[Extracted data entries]
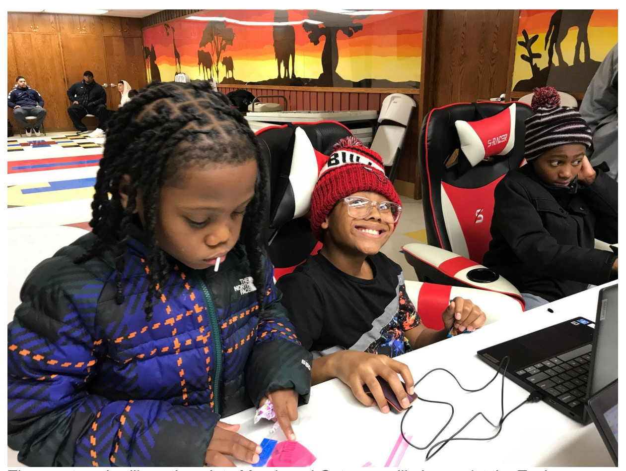
The grant work will continue into March and Gateway will also assist the Tech sessions with Esports and virtual reality.

Gateway industrial Design Fab Lab launched the premier broadcast of its new radio show, "Fab Lab 10:00 A.M." in January. The show airs on the second Saturday of the month at 10:00 A.M. on Gateway's own WGTD.
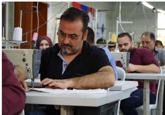
UNHCR provided technical and vocational training for refugees in line with the market needs to increase their employability.

■ In partnership with the Izmir Governorate, the first Textile Machine Operator Training and Harmonization Centre was launched in the Karabağlar district. Close to 85 refugees and host community members took part in vocational training programmes, with a 90 per cent attendance rate and over 50 per cent of participants being women, thanks to the children's day-care specifically designed to encourage women's participation. Turkish language courses were incorporated to facilitate refugees' access to the labour market. More than half of the graduates were referred to textile industry employers, with an estimated employment rate of 20 per cent.
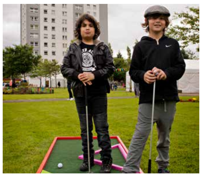
Queensland Gala Day Summer 2017.
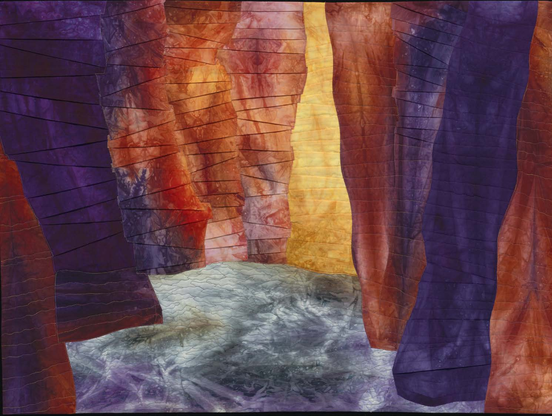
Donna Lopatin Radner Inside the Canyon , 2012 Fiber, 31 x 42 in.
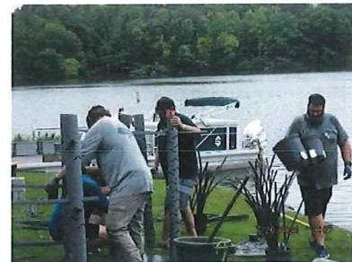
Angler work day.

● What you have to do
Report, as a bare number, how many lines above contain the string "Gateway".

● Response box
2